TASK TO COMPLETE:
When you repeat the records, keep every word exact and drop each picture.

[Opening INPUT MATERIAL section]

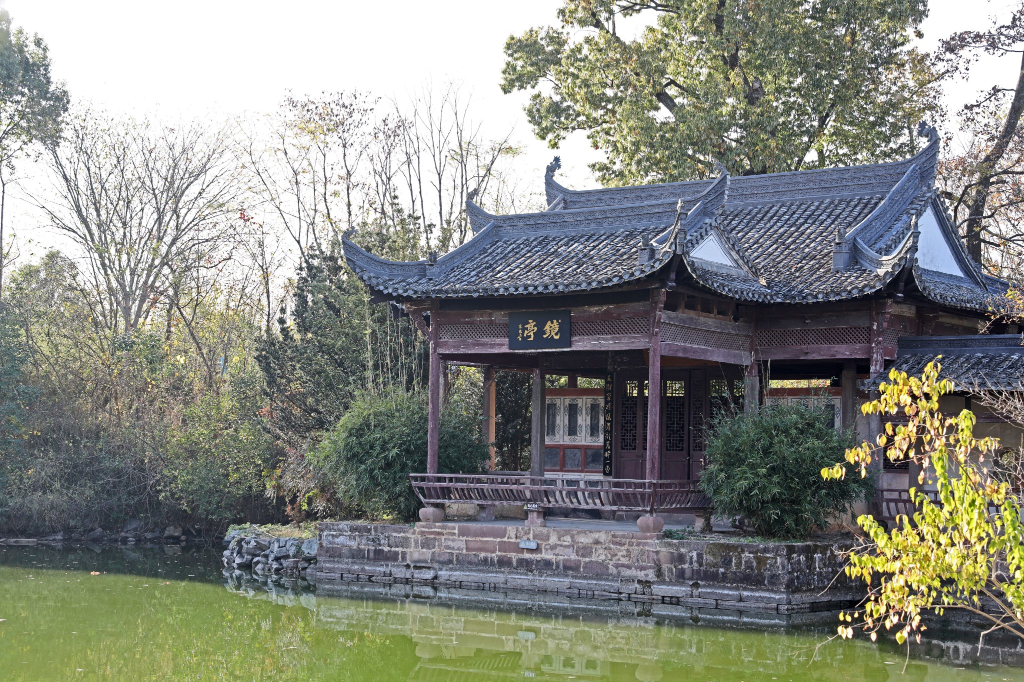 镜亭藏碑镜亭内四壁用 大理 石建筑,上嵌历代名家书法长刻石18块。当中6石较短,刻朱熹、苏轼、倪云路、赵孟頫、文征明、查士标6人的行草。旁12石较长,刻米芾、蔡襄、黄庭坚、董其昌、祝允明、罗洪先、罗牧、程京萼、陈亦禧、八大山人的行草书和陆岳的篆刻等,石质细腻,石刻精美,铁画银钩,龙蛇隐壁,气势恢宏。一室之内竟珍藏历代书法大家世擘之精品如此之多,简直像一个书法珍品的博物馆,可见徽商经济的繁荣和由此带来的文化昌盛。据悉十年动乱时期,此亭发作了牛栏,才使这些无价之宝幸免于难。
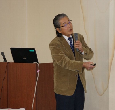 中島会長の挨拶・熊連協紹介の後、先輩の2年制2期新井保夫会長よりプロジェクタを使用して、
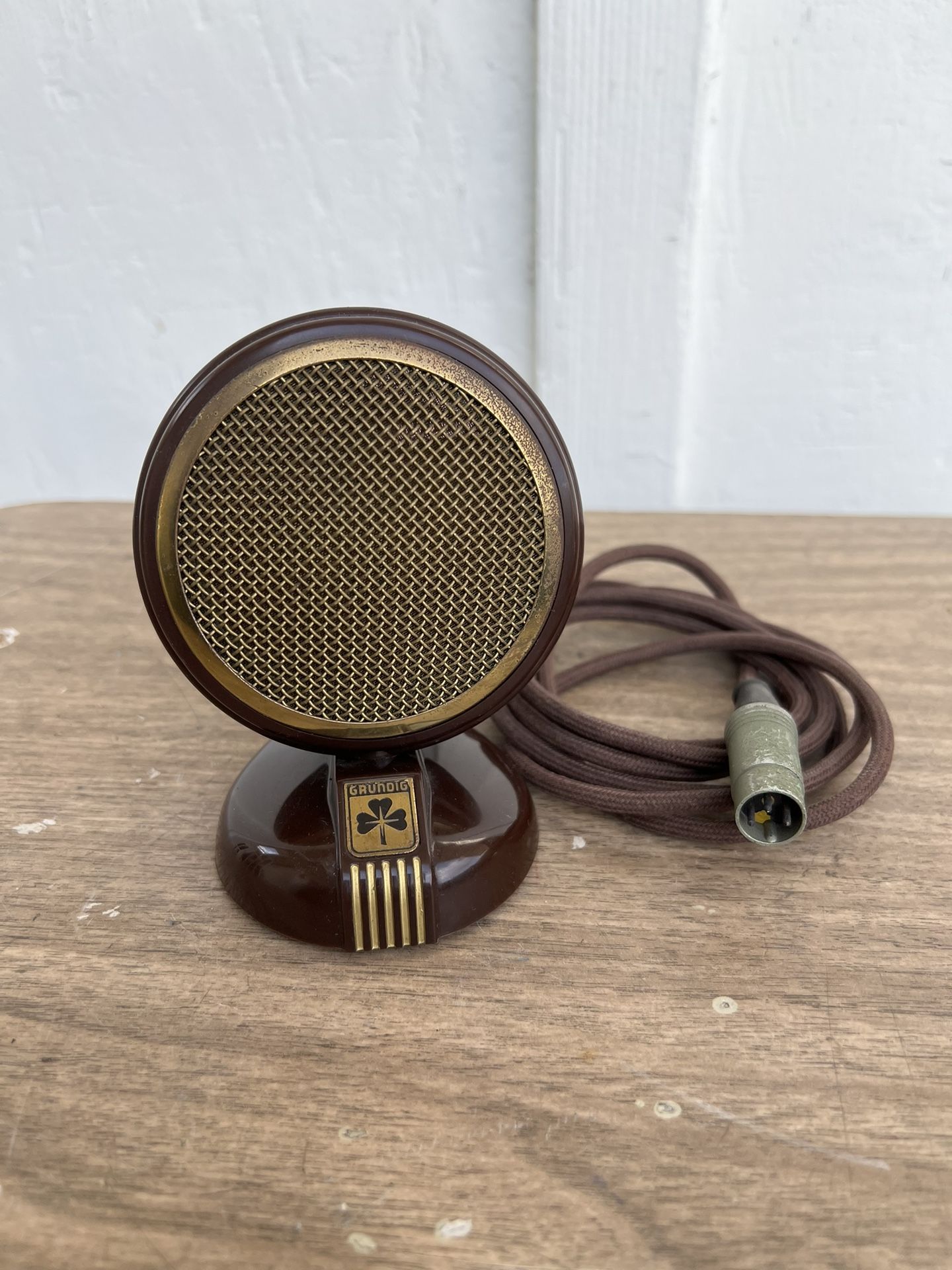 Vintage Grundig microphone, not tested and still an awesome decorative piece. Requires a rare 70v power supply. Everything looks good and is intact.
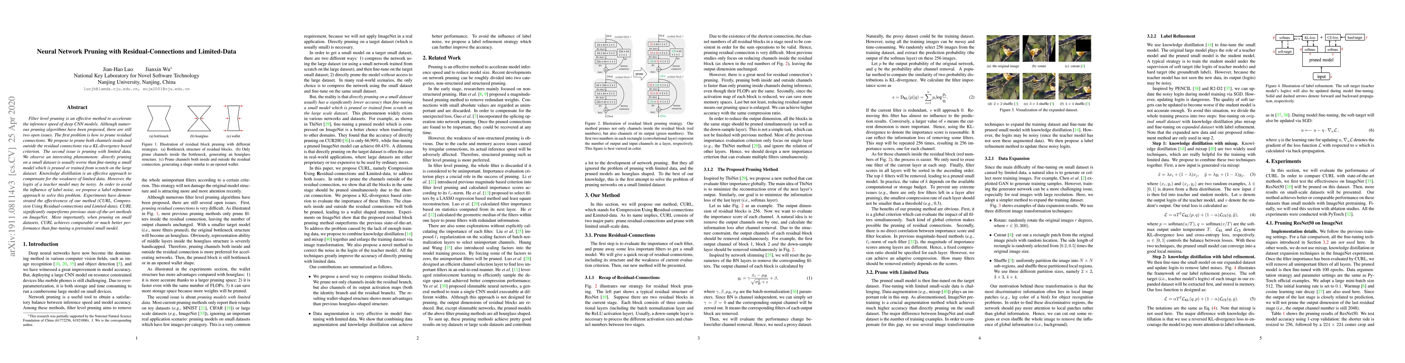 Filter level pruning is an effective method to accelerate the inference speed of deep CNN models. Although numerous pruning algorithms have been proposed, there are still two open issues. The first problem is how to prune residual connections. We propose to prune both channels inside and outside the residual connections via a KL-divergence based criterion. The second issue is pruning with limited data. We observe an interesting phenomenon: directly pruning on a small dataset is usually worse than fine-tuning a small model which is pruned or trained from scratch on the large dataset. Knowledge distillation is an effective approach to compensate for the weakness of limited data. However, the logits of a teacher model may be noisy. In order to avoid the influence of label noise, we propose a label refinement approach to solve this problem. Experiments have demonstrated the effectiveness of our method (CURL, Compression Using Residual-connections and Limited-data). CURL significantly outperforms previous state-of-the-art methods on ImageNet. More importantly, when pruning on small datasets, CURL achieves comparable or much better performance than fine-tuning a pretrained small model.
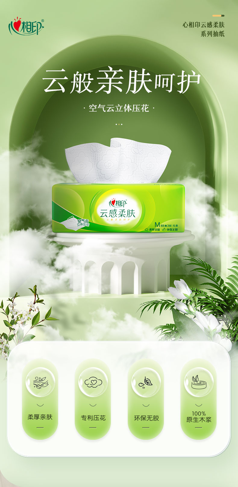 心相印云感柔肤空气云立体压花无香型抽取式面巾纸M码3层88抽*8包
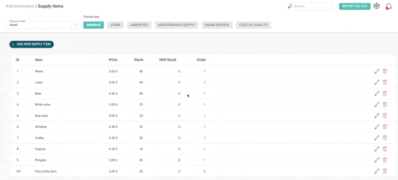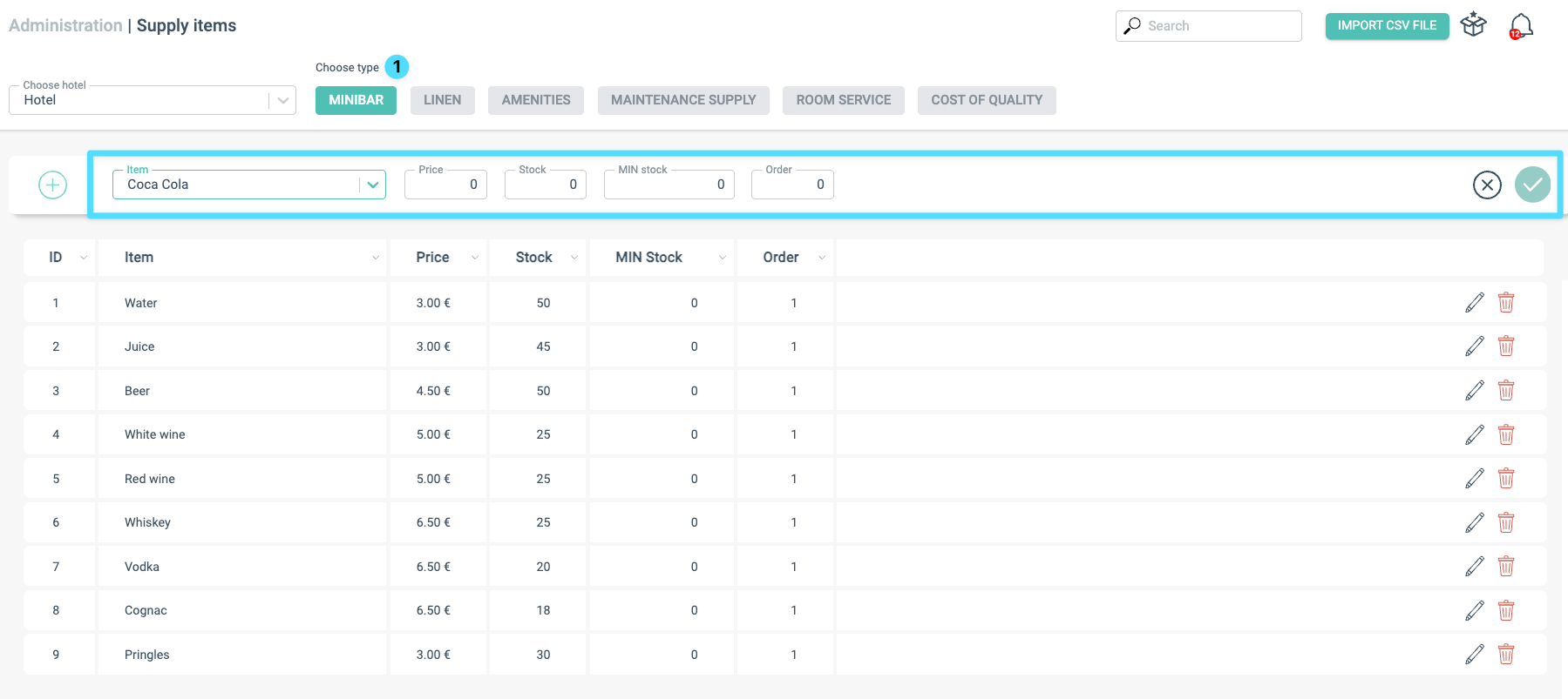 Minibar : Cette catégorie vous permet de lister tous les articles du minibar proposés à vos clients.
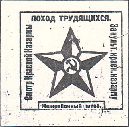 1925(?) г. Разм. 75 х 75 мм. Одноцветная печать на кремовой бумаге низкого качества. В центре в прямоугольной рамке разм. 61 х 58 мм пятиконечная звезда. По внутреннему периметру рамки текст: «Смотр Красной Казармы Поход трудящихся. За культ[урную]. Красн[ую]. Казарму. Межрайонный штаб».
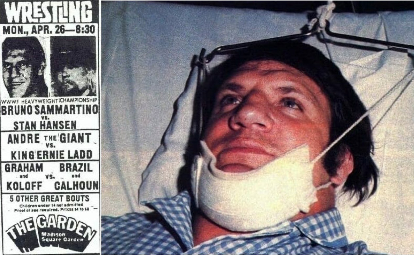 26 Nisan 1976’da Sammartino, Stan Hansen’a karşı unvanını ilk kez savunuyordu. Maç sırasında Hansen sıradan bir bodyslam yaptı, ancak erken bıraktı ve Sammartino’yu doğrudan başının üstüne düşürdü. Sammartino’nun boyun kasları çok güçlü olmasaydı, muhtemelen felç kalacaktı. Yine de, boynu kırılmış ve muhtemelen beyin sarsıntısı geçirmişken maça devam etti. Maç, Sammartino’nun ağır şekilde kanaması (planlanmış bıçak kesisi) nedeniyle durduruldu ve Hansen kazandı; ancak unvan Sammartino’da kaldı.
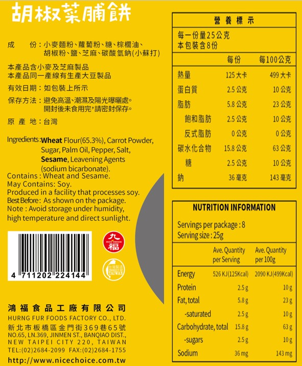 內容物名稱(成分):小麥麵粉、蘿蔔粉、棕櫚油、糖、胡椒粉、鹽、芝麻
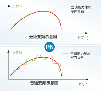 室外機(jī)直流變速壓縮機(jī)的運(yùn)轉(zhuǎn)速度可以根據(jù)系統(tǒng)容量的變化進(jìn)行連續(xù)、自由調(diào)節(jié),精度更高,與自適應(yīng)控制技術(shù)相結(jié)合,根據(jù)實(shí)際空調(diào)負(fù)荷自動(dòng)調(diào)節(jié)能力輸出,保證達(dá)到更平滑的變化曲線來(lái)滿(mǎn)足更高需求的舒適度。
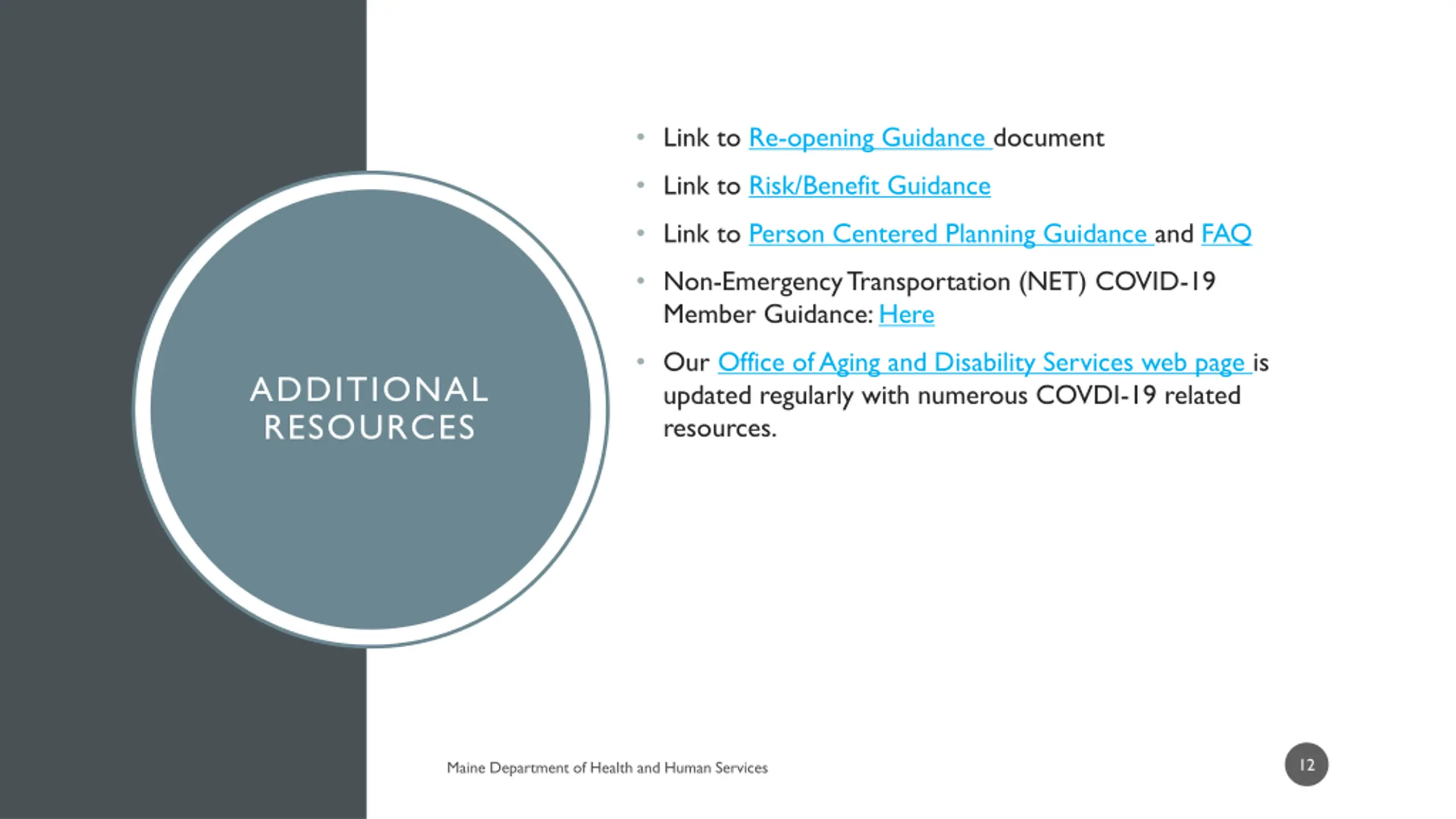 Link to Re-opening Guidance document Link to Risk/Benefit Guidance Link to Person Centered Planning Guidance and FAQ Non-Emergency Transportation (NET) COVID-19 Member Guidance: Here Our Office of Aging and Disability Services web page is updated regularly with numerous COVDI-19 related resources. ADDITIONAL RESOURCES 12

[Closing INPUT MATERIAL section]

EXERCISE RESPONSE:
 镜亭藏碑镜亭内四壁用 大理 石建筑,上嵌历代名家书法长刻石18块。当中6石较短,刻朱熹、苏轼、倪云路、赵孟頫、文征明、查士标6人的行草。旁12石较长,刻米芾、蔡襄、黄庭坚、董其昌、祝允明、罗洪先、罗牧、程京萼、陈亦禧、八大山人的行草书和陆岳的篆刻等,石质细腻,石刻精美,铁画银钩,龙蛇隐壁,气势恢宏。一室之内竟珍藏历代书法大家世擘之精品如此之多,简直像一个书法珍品的博物馆,可见徽商经济的繁荣和由此带来的文化昌盛。据悉十年动乱时期,此亭发作了牛栏,才使这些无价之宝幸免于难。
 中島会長の挨拶・熊連協紹介の後、先輩の2年制2期新井保夫会長よりプロジェクタを使用して、
 Vintage Grundig microphone, not tested and still an awesome decorative piece. Requires a rare 70v power supply. Everything looks good and is intact.
 Filter level pruning is an effective method to accelerate the inference speed of deep CNN models. Although numerous pruning algorithms have been proposed, there are still two open issues. The first problem is how to prune residual connections. We propose to prune both channels inside and outside the residual connections via a KL-divergence based criterion. The second issue is pruning with limited data. We observe an interesting phenomenon: directly pruning on a small dataset is usually worse than fine-tuning a small model which is pruned or trained from scratch on the large dataset. Knowledge distillation is an effective approach to compensate for the weakness of limited data. However, the logits of a teacher model may be noisy. In order to avoid the influence of label noise, we propose a label refinement approach to solve this problem. Experiments have demonstrated the effectiveness of our method (CURL, Compression Using Residual-connections and Limited-data). CURL significantly outperforms previous state-of-the-art methods on ImageNet. More importantly, when pruning on small datasets, CURL achieves comparable or much better performance than fine-tuning a pretrained small model.
 心相印云感柔肤空气云立体压花无香型抽取式面巾纸M码3层88抽*8包
 Minibar : Cette catégorie vous permet de lister tous les articles du minibar proposés à vos clients.
 1925(?) г. Разм. 75 х 75 мм. Одноцветная печать на кремовой бумаге низкого качества. В центре в прямоугольной рамке разм. 61 х 58 мм пятиконечная звезда. По внутреннему периметру рамки текст: «Смотр Красной Казармы Поход трудящихся. За культ[урную]. Красн[ую]. Казарму. Межрайонный штаб».
 26 Nisan 1976’da Sammartino, Stan Hansen’a karşı unvanını ilk kez savunuyordu. Maç sırasında Hansen sıradan bir bodyslam yaptı, ancak erken bıraktı ve Sammartino’yu doğrudan başının üstüne düşürdü. Sammartino’nun boyun kasları çok güçlü olmasaydı, muhtemelen felç kalacaktı. Yine de, boynu kırılmış ve muhtemelen beyin sarsıntısı geçirmişken maça devam etti. Maç, Sammartino’nun ağır şekilde kanaması (planlanmış bıçak kesisi) nedeniyle durduruldu ve Hansen kazandı; ancak unvan Sammartino’da kaldı.
 內容物名稱(成分):小麥麵粉、蘿蔔粉、棕櫚油、糖、胡椒粉、鹽、芝麻
 室外機(jī)直流變速壓縮機(jī)的運(yùn)轉(zhuǎn)速度可以根據(jù)系統(tǒng)容量的變化進(jìn)行連續(xù)、自由調(diào)節(jié),精度更高,與自適應(yīng)控制技術(shù)相結(jié)合,根據(jù)實(shí)際空調(diào)負(fù)荷自動(dòng)調(diào)節(jié)能力輸出,保證達(dá)到更平滑的變化曲線來(lái)滿(mǎn)足更高需求的舒適度。
 Link to Re-opening Guidance document Link to Risk/Benefit Guidance Link to Person Centered Planning Guidance and FAQ Non-Emergency Transportation (NET) COVID-19 Member Guidance: Here Our Office of Aging and Disability Services web page is updated regularly with numerous COVDI-19 related resources. ADDITIONAL RESOURCES 12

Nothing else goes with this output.